When an area is destroyed, the kernel calls its close operation. Note that there's no usage count associated with VMAs; the area is opened and closed exactly once by each process that uses it.

struct page *(*nopage)(struct vm_area_struct *vma, unsigned long address, int


When a process tries to access a page that belongs to a valid VMA, but that is currently not in memory, the nopage method is called (if it is defined) for the related area. The method returns the struct page pointer for the physical page after, perhaps, having read it in from secondary storage. If the nopage method isn't defined for the area, an empty page is allocated by the kernel.

int (*populate)(struct vm_area_struct *vm, unsigned long address, unsigned

long len, pgprot_t prot, unsigned long pgoff, int nonblock);

This method allows the kernel to "prefault" pages into memory before they are accessed by user space. There is generally no need for drivers to implement the populate method.

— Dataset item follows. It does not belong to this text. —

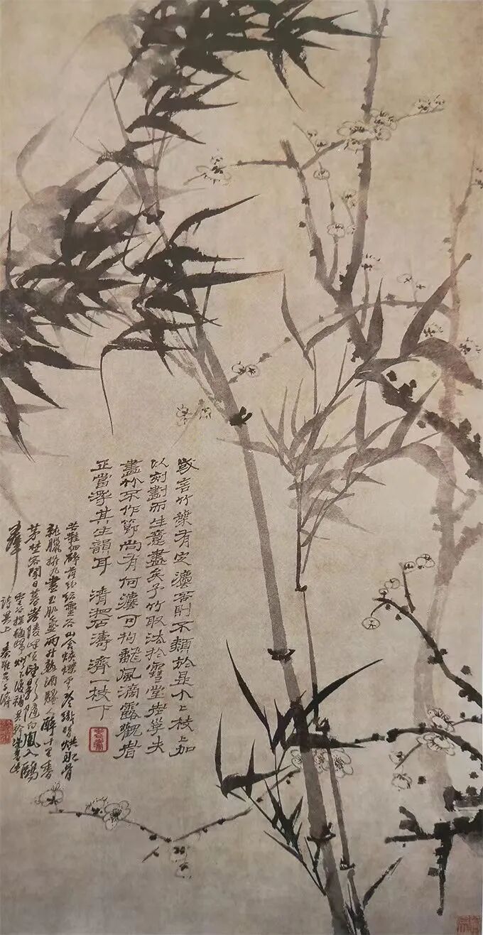 这幅作品是石涛传世墨梅和墨竹的上品之作,写有两部分题款。其中一段为 “芒鞋细碎落纷纭,灵谷山含蛱蝶云。冷织晴烘水骨就,腊催寒尽玉肌氲。两升热酒骚人醉,口里香茅野客闻。日暮孝陵峰顶望,影随白凤入鸥群”。
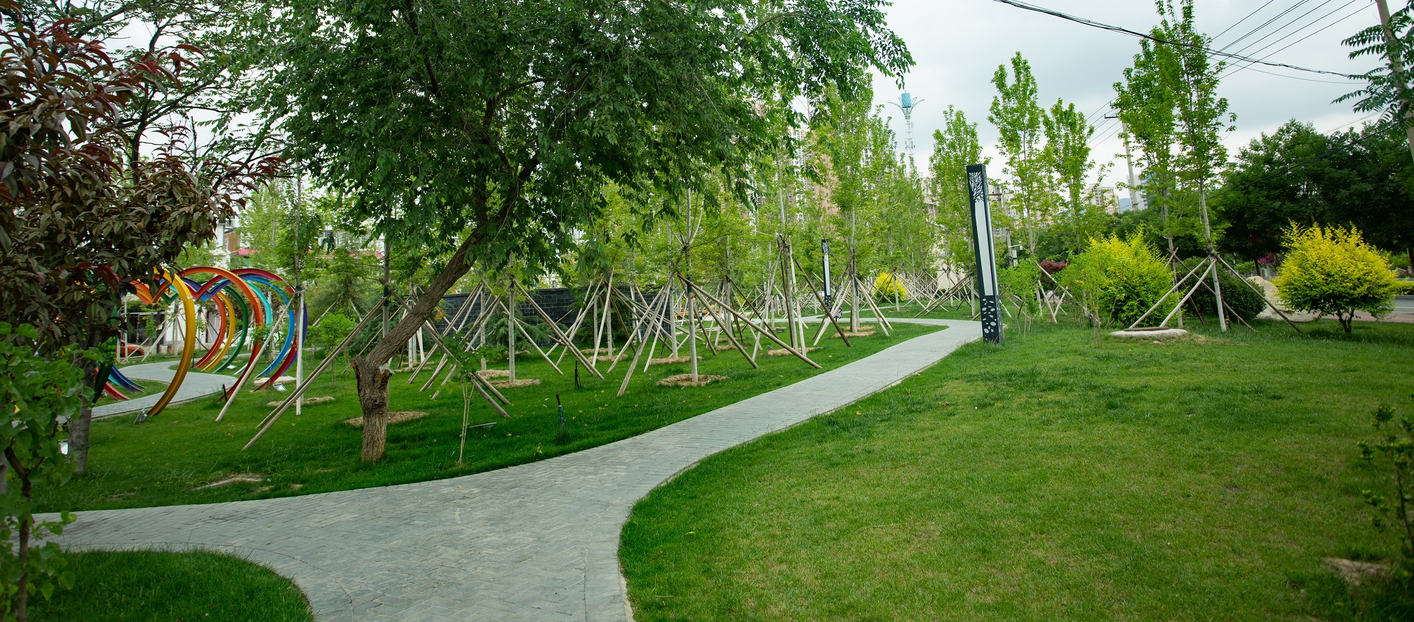 由我公司于2017年06月03日開(kāi)工建設(shè),主要施工項(xiàng)目包括園路、廣場(chǎng)、景墻、

15.1.7. The Process Memory Map

The final piece of the memory management puzzle is the process memory map structure, which holds all of the other data structures together. Each process in the system (with the exception of a few kernel-space helper threads) has a struct mm_struct (defined in <linux/sched.h>) that contains the process's list of virtual memory areas, page tables, and various other bits of memory management housekeeping information, along with a semaphore (mmap_sem) and a spinlock (page_table_lock). The pointer to this structure is found in the task structure; in the rare cases where a driver needs to access it, the usual way is to use current->mm. Note that the memory management structure can be shared between processes; the Linux implementation of threads works in this way, for example.

That concludes our overview of Linux memory management data structures. With that out of the way, we can now proceed to the implementation of the mmap system call.